We have to find the multiplicative inverse of 4 - 2i.
Now the multiplicative inverse of any number X is defined as X^-1, so that X*X^-1 = 1.
For 4 - 2i, let the multiplicative inverse be M.
Now M* (4 - 2i) = 1
=> M = 1/ (4 -2i)
=> M = (4 +2i)/ ( 4- 2i)( 4 +2i)
=> M = (4 + 2i) / [4^2 - (2i)^2]
=> M = ( 4 + 2i) / [ 16 + 4]
=> M = (4 + 2i) / 20
=> M = 4/20 + 2i /20
=> M = 1/5 + i/10
Therefore the multiplicative inverse of 4 - 2i is 1/5 + i/10.

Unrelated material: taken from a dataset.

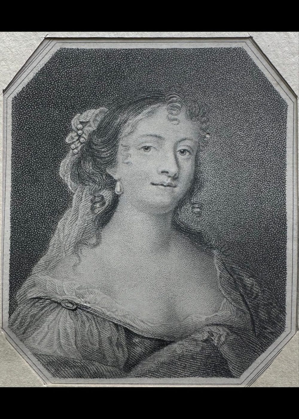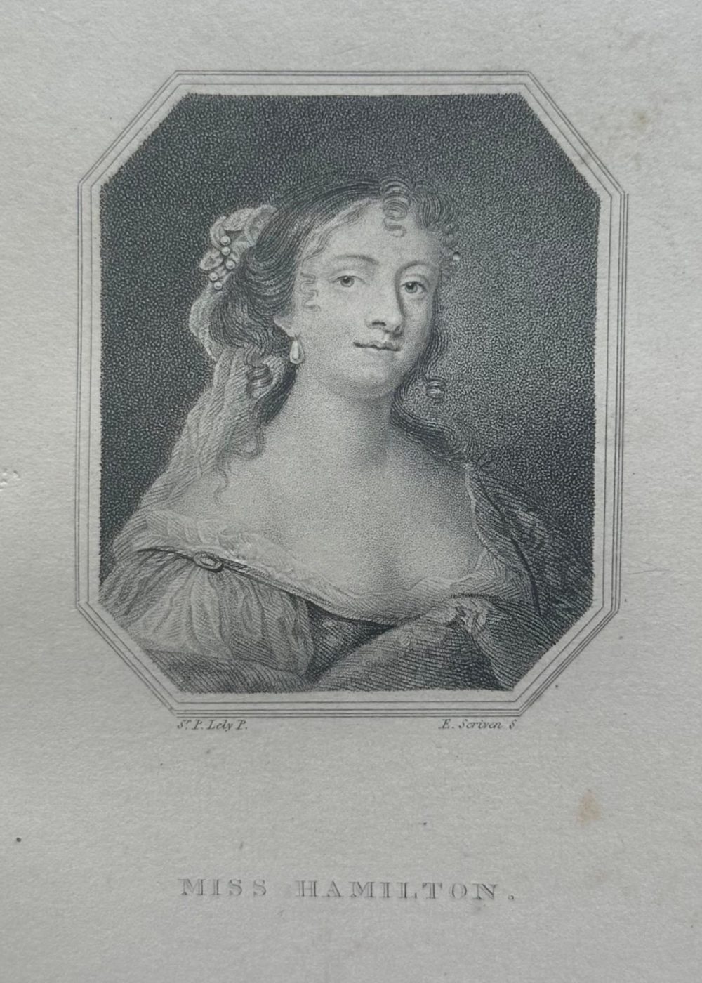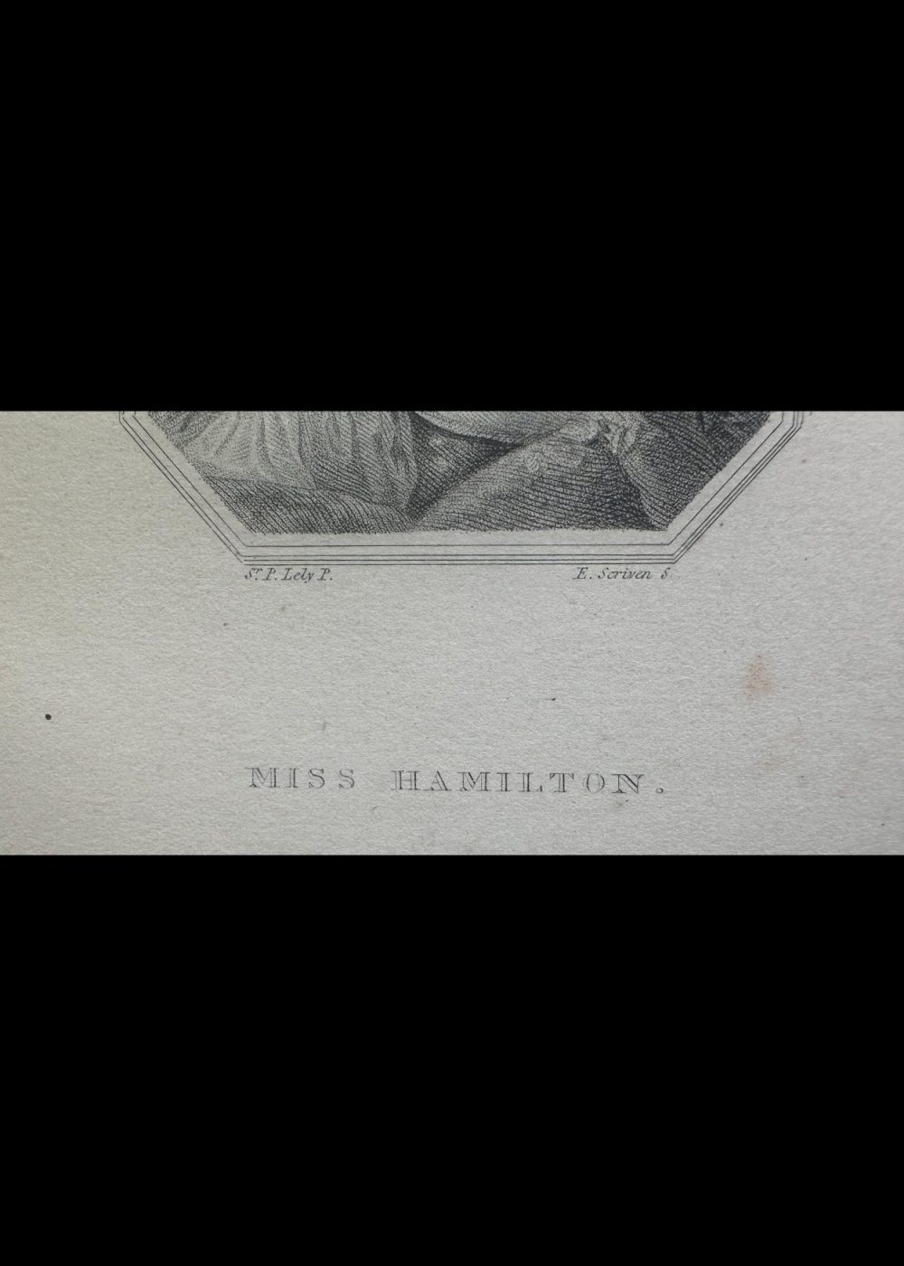 This refined stipple engraving presents “Miss Hamilton,” based on an original painting by Sir Peter Lely (noted as “Sr P. Lely P.”) and engraved by E. Scriven. The sitter is elegantly posed, gazing confidently at the viewer with soft facial features and a composed demeanor. Her flowing hair is adorned with pearls and flowers, complementing the graceful drapery of her gown. This portrait reflects the idealized feminine beauty of the Restoration period, rendered with meticulous detail and delicate shading characteristic of Lely’s courtly style.

To find the multiplicative inverse of the complex number.
We know the multiplication identity element of the complex number (x+yi) = e(x+iy) .
Therefore xe = x and and xi*e = xi. Therefore e = 1.
Therfore if the multiplicative inverse of 4-2i is x+yi, then
(4-2i)(x+yi) = 1.
4x+4yi-2xi -2yi^2 = 1+0*i
4x +(4y-2x)i +2y = 1+0*i.
(4x+2y) +(4y-2x)i = 1+0*i.
Equate imaginary parts and equate real parts both sides:
Imaginary parts: 4y -2x = 0.....(1)
Real Parts: 4x+2y = 1.....(2)
From (1): 4y- 2x = 0.
x= 2y. Substitute x= 2y in eq (2):
4(2y) +2y = 1
10y = 1.
y = 1/10.
x =2y= 2/10.
Therefore (4-2i) has the multiplicative inverse 2/10+i/10.
4y + 2(2y) =
The multiplicative inverse is get when we multiply the given complex number by the inverse number we'll get the result 1.
We'll note the inverse as x:
(4-2i)*x = 1
We'll divide by (4-2i) both sides:
x = 1/(4-2i)
We are not allowed to keep a complex number to denominator, so we'll multiply the ratio by the conjugate of the complex number:
x = (4+2i)/(4-2i)(4+2i)
We'll re-write the denominator as a difference of squares:
(4-2i)(4+2i) = 4^2 - (2i)^2
(4-2i)(4+2i) = 16 - 4i^2
But i^2 = -1:
(4-2i)(4+2i) = 16 + 4
(4-2i)(4+2i) = 20
We'll re-write x:
x = (4+2i)/20
x = 4/20 + 2i/20
We'll simplify and we'll get:
x = 1/5 + i/10
The multiplicative inverse of the complex number 4 - 2i is 1/5 + i/10.